Once they were down to only a few containers, Marcus moved on to oversee the next metal hut. Nick handed the last of the looted supplies off. When the carrier of the items stepped through the door, a crack of gunfire exploded through the air. The sound reverberated off the metal buildings, causing the volume to grow until dying off into wary silence. The man carrying the last of the supplies fell to the pavement in the doorway.
Nick picked up the rifle from his chest and pushed Kate into the corner of the room. With the door hanging open, Kate was secured between it and the wall. Nick knelt in front of her, aware of the open door, and faced the entryway on the opposite side of the building. He listened.

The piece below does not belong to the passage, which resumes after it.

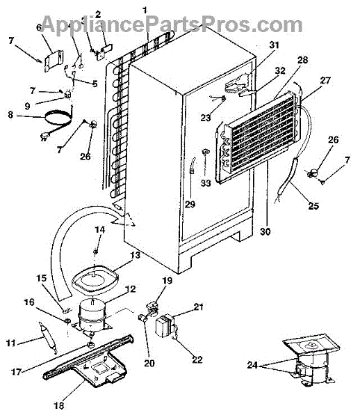 This is a compressor used in several types of home appliances. The compressor is designed to take cold gas in the appliance and place it under pressure so the gas raises in temperature. It is then moved through the refrigerator system to ensure the unit stays cold throughout the appliance. This part can become damaged or malfunction, which may cause the motor to stop running, make the motor noisier, or cause the motor to never stop running.If this happens, the compressor will need to be replaced. A basic set of tools will be needed. A pair of work gloves can also be useful. First, locate the compressor as it may be in various locations depending on the appliance model. Unplug the appliance before removing the compressor. Install the new compressor using the original bolts and nuts before turning the power back on and resuming normal use.This part is sold on an individual basis. The compressor is made to be used with refrigerators, ranges, stoves, ovens, air conditioners, and freezers created by Gibson, Frigidaire, Kelvinator, Montgomery Wards, Westinghouse, Tappan, JCPenney, Universal, and Kenmore. It is an authentic OEM replacement part directly sourced from the manufacturer.

The subtle scratching of footsteps on concrete pricked at Nick’s ears; possibly belonging to the people from the fort. The steps drew closer. Nick silently pleaded that the shooter would come to inspect this building. All Nick needed was for the enemy to walk in. Nick was ready.
Yet, the footsteps stopped. Somewhere near the middle structure. Nick could wait, but more people may die. He stood, pivoted around the door, and thrust the barrel of the gun toward the last place he heard the footsteps. An unfamiliar figure tossed something into the supply building just as Nick took the shot.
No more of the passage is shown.